Washington's letters, of which there were thousands, wound up in the hands of a Harvard professor, who later wrote a halfway decent biography of Washington. But Prof. Jared Sparks himself was a fool in the way he treated the documents. For example, he would often cut Washington's signatures out of his letters and give them to his friends as presents.
When Washington wrote his Will, he left orders for all slaves "owned by me" to be freed. Further, his orders included they should all be educated and given a stipend and one in particular was to be taken care of for life. Washington had written many letters regarding freeing slaves. He did not think slavery was "morally right." He also felt that if he freed them before he died, he would incur the wrath of the pro-slavery forces, and in that, he lacked the courage. He is not only the first President of the United States. He is the first President of the United States to free slaves. Strangely, he couldn't free his wife's slaves because they were not his "property."
My favorite Washington moment is when the Revolutionary War is just beginning and he gallops off to Massachusetts. He arrives in Cambridge. He is shocked. The men are dirty, badly dressed.
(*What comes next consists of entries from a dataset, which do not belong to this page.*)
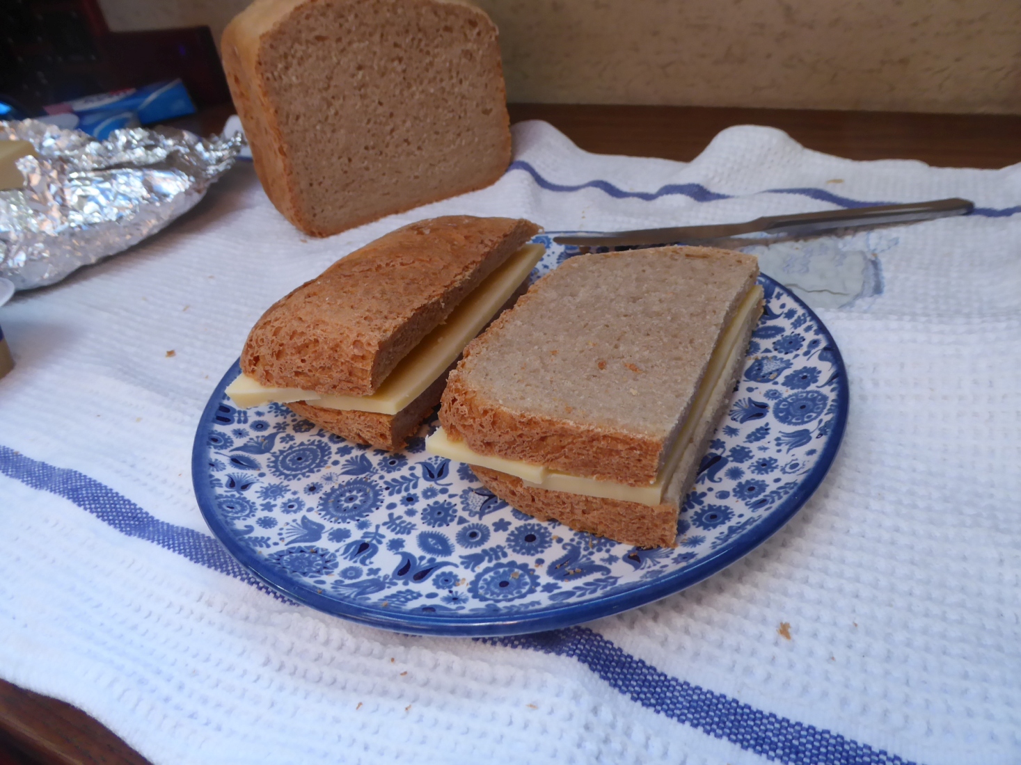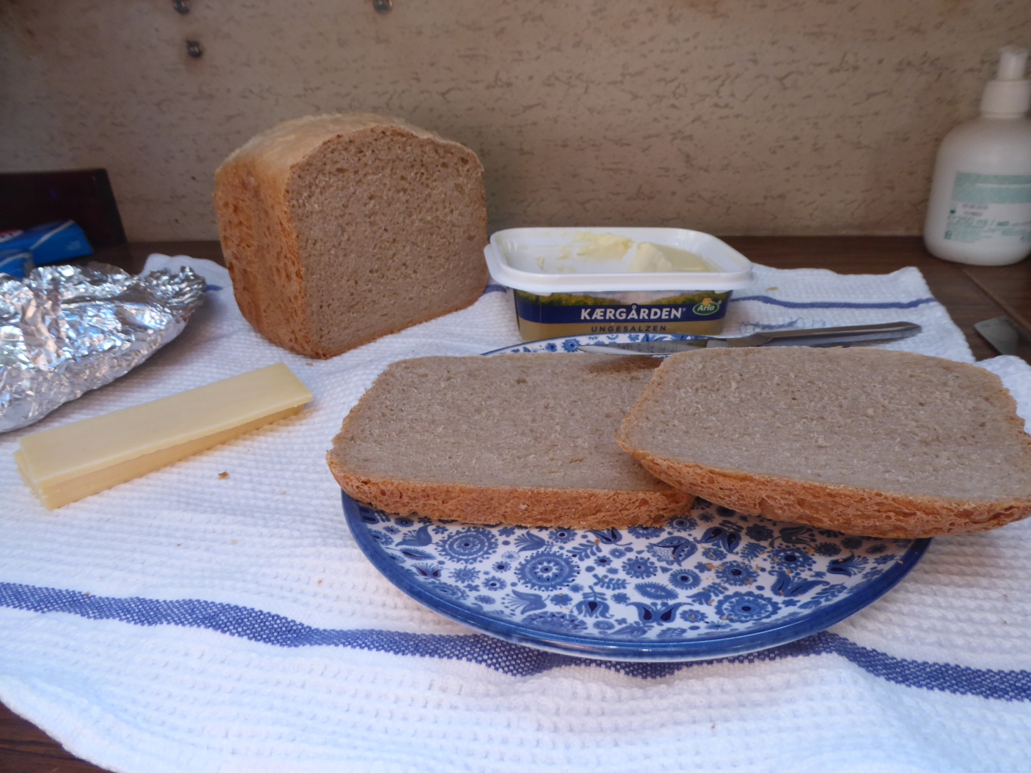 Donnerstag und Freitag hatte ich nach der Arbeit noch ein Bananenbrot und eine Backmischung Bauernbrot im Brotbackautomaten gebacken. Das Brot schmiere ich mir für unterwegs und lege ohne Frühstück um kurz vor neun ab.
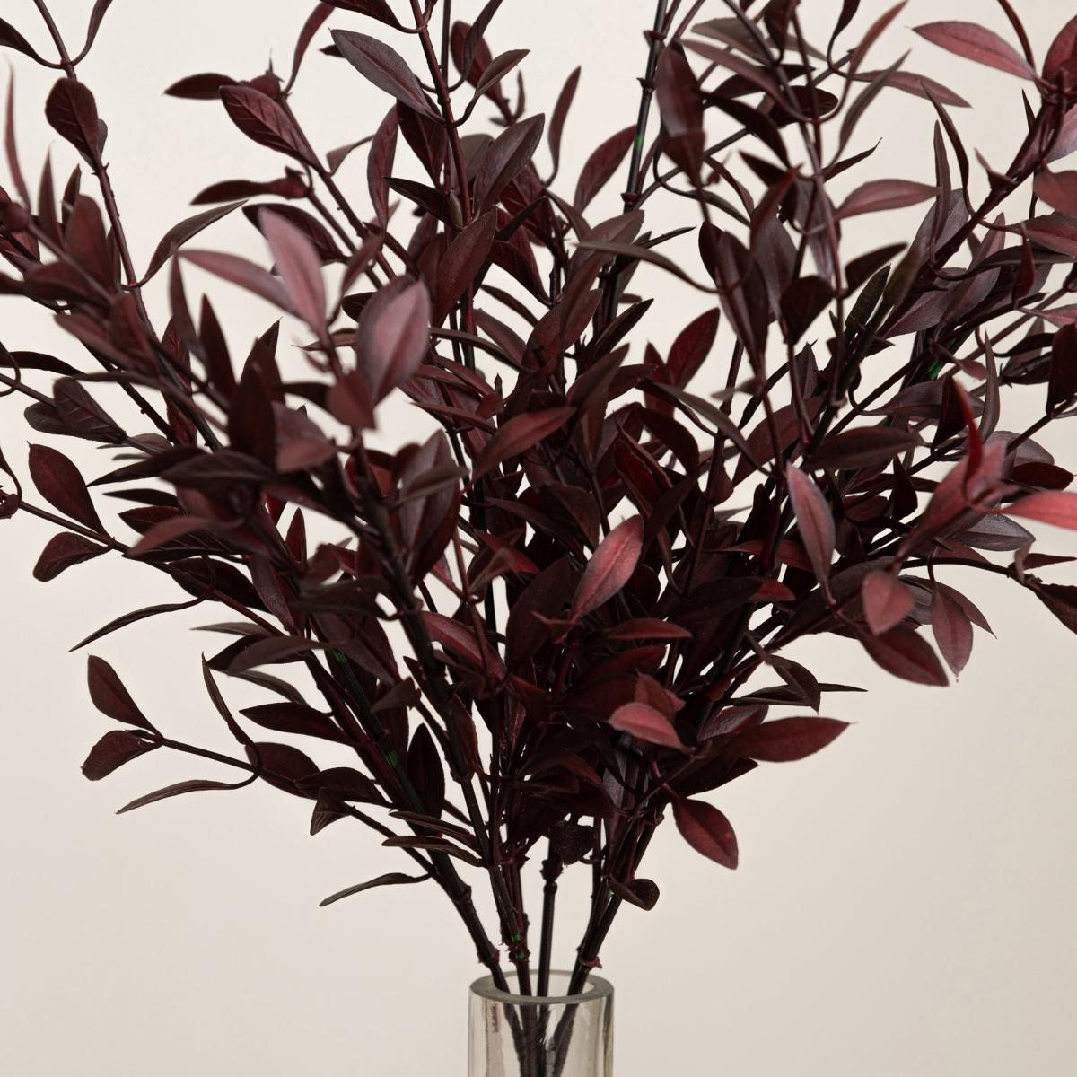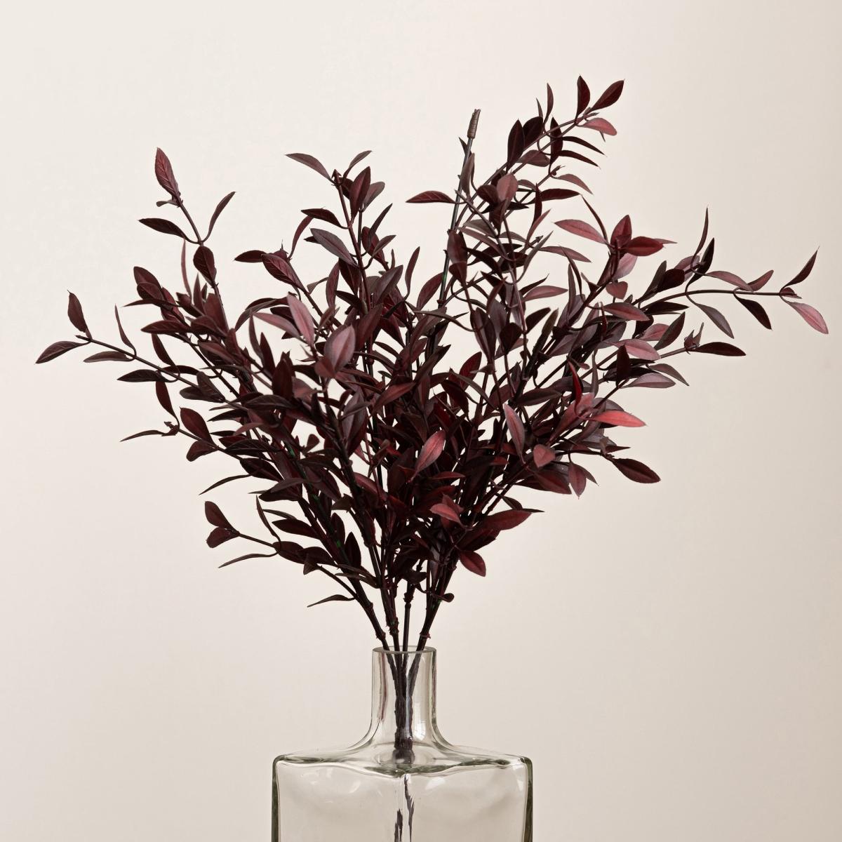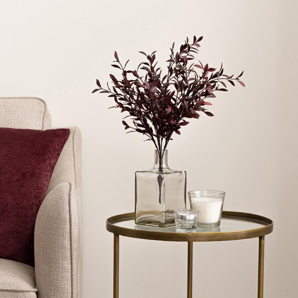I love the dark, rich tone of the burgundy huckleberry plant-it adds warmth and depth to a variety of interiors. It works particularly well in modern or minimalist spaces where a pop of colour can make a statement without overwhelming, as well as in more traditional settings for a touch of colour contrast. A practical styling tip is to place it in a clear vase with some height to elevate the arrangement, or cluster a few for a fuller look. It’s ideal for centrepieces or to add colour on side tables and shelves, requiring no maintenance and always ready to look perfect.
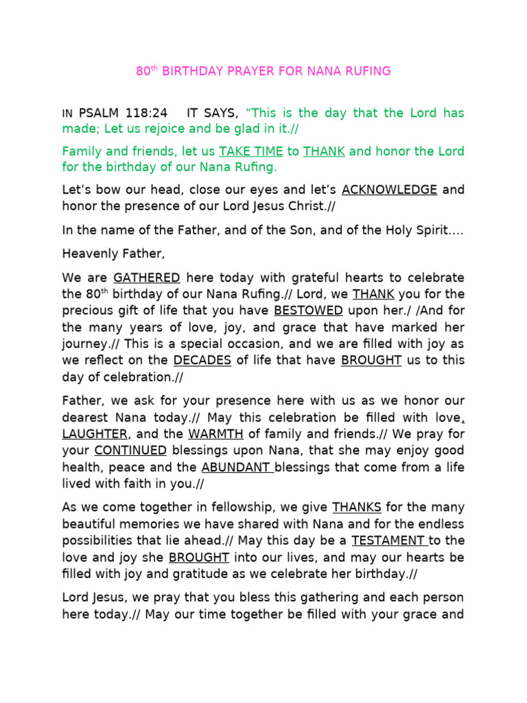 80th BIRTHDAY PRAYER FOR NANA RUFING
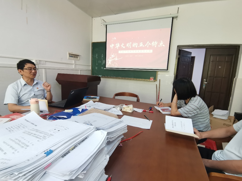 为贯彻落实学院党委关于认真开展学习贯彻习近平新时代中国特色社会主义思想主题教育工作的要求和学习计划,6月6日,基础医学院教工第七党支部召开支部党员大会,支部书记伍冠一同志主持会议,并以《中华文明的五个特点》为题,以微党课的形式向大家讲解了中华文明的五个特点以及“两个结合”等相关内容,带领大家认真学习了习近平总书记在文化传承发展座谈会上的重要讲话精神。
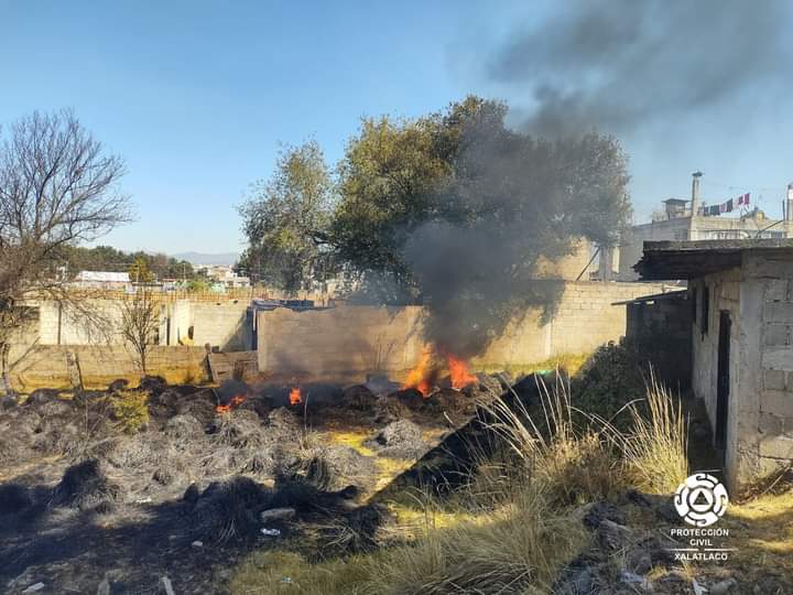 Elementos de Bomberos Xalatlaco acudieron a un incendio de pastizal el cual tuvo origen sobre la Calle Chiquispan el pasado martes. Al arribar al lugar se trataba de un siniestro de aproximadamente 700 Mts². Por lo cual procedimos a realizar la sofocación de la zona con maniobras contrafuego y con agua a presión, afortunadamente este suceso tuvo un saldo en blanco. Al termino hicimos contacto con la propietaria dando recomendaciones de cuidado y de prevención.

Their speech can barely be understood. This is the first time he has met men from New England, and he wonders if they are all like this. Then he meets Gen Knox of Maine, and within a half hour of talking to Knox, he is nearly convinced they can win the Revolution.
But I guess that wasn't really my favorite moment. There is a story about Washington and Ben Franklin and other men sitting near a swamp drinking and basically having a good time. Franklin remarks on the scent of swamp gas in the air and tells the others that he can literally light the swamp water on fire. They all doubt him of course. He's pretty old by then and people are beginning to ask questions. But they do what he requests, stirring up the bottom of the swamp. Franklin lights a torch and it all goes up like gasoline.
Franklin was always such a showoff. My feeling is that Washington wrote something new in his little book that night in the "things never to do" section.